High-level wizards are super scary in D&D and similar games. But as far as frightening antagonists go, high-level fighters and thieves (or specialists) are no slouches, either. Look at the Halloween and Friday the 13th franchises. Later entries would explicitly give the villains supernatural abilities, but in the early films these "inhuman" killing machines were simply* presented as extremely strong, durable, persistent, evil people skilled at murder. Depending on how things like stealth and stunts and multiclassing work in your OSR game of choice, I don't see why Michael and Jason couldn't just be fighters and/or thieves of, say, ninth level.
If the average person in your game is a 0-level or first level character, imagine how terrifying an opponent a determined high-level fighter would be if they just randomly went on a methodical rampage. If you manage to land a hit, they shrug off damage that would instantly kill a normal human. If you lure them into a trap, they effortlessly make their saving throw. You'd best find a way to stop them without rolling any dice, because the math favors them every time. And they're not stupid: they use tools and tactics. They use the environment to their advantage. They leave their own traps for you. And they won't be talked down or bargained with.
Imagine an invisible presence picking off your friends one by one. In a world of magic, your mind jumps to distracting speculation about monsters and spirits, while some asshole with a knife just walks up behind you. It's the most obvious, the most natural thing in the world. No one hears you die.
Sure, wizards are bad news. But don't underestimate the old man in the swamp or the jolly jester.

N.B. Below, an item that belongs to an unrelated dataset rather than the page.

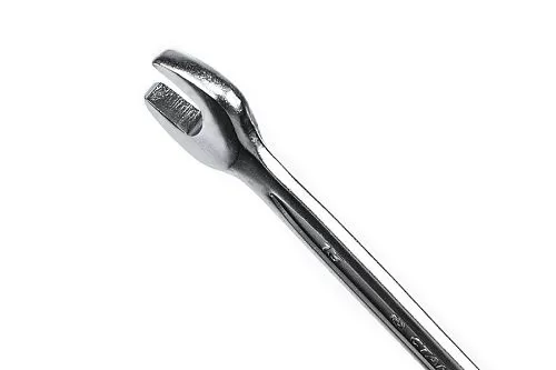 Финишная обработка Soft matt и хром никелевое покрытие комбинированного ключа обеспечивает надежную защиту от коррозии, а также надежный хват и препятствует выскальзыванию инструмента из рук. 12-гранный профиль накидной части подходит к головкам болтов и гайкам как 6-, так и 12-гранного профиля, и обеспечивает 5 градусный шаг перехвата. Специальный отгиб, в 15 градусов рожковой либо накидной части ключа позволит работать в местах с ограниченным доступом к крепежу и помогут подобраться к крепежу как с торца, так и с боку, в зависимости от места выполняемых работ.

*I guess you could interpret the killers as ambiguously supernatural in the earlier films if your mind's eye squints a little, but I don't recall any such speculation among the characters to that effect (other than some talk of the "boogeyman" in Halloween that I took as metaphorical), and there's nothing to confirm any magical aspects to the villains until later entries in the series. If Friday the 13th ended with the fourth or fifth installment, Jason Voorhees could easily just be a scary dude in a mask instead of some kind of super-zombie. I haven't seen as many of the Halloween movies, but I hear the situation is similar. Michael Myers just struck me as a mortal man with a scary mind in his debut film. Granted, he did some pretty improbable things, but I chalked that up to movie magic rather than literal in-universe magic. My point is that Voorhees and Myers don't need to be supernatural.